Me acerco a la puerta. Tomo la llave entre mis dedos y la inserto en la perilla. Escucho el crujir de mi mente. Puedo sentir el polvo elevarse, al adentrarme en recuerdos remotos.

Quiero creer que si un día abro todas esas puertas, si me adentro en ellas, perderán todo poder. Que el recuerdo desaparecerá como ese polvo que se sacude con mi presencia.

–No me odies!! Necesito hablar contigo.

La verdad siempre supe que llegaría ese día, ese mensaje.
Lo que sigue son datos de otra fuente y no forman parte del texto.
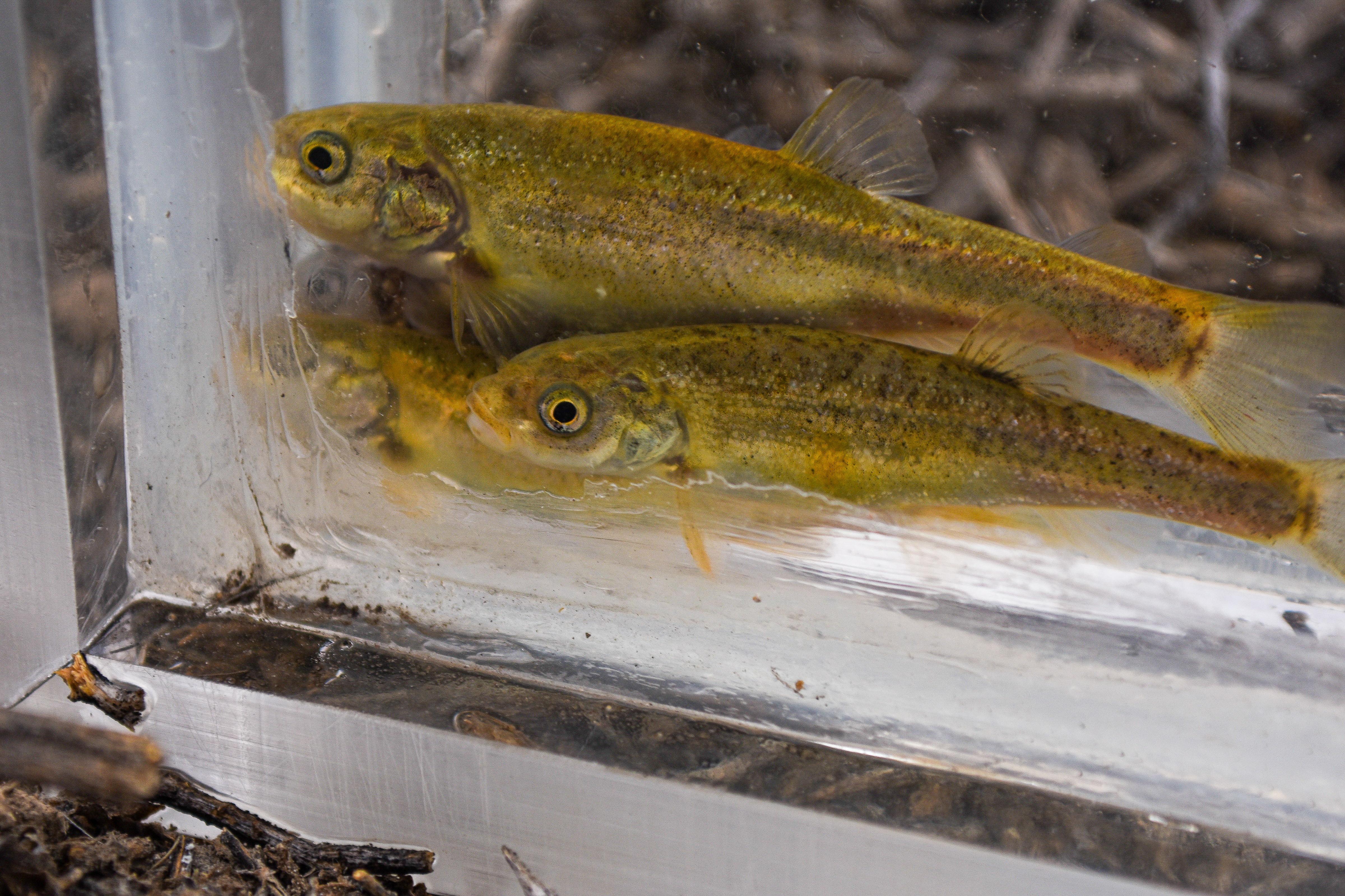 Long Valley speckled dace is currently a petitioned species for listing. This small fish is currently found in only one location within the Long Valley Caldera near Mammoth Lakes, CA. While previously distributed throughout the caldera, all but one population of the species has been extirpated from its historic habitat. Long Valley Caldera is one of the largest calderas in the world and was formed around 760,000 years ago. Threats to the species include nonnative predatory fish and loss of habitat. Credit: Robyn Gerstenslager/USFWS

En el fondo, siempre supe que, en cuanto él leyera alguna de estas entradas, me escribiría.

Lo conozco bien. Dudo que él a mí. De hecho, me regocijo en saber que no.

En cuanto recibí su mensaje, temblé. Me gustaría negarlo, decir que no me dolió, decir que seguí con mi vida como si él no estuviera escribiéndome, pero estaría mintiendo.

Accedí a verlo, a tener esa conversación que tantas veces imaginé en mi mente.

Unos días antes incluso había soñado con él. Me inquietaba pensar que tal vez era hora de hacerle frente, de mirarlo a los ojos y denunciarlo ante sí mismo.

Accedí a verlo, no sin antes contar con el apoyo emocional que necesitaba para sentirme segura. No me atrevería a decir que lo hice sola.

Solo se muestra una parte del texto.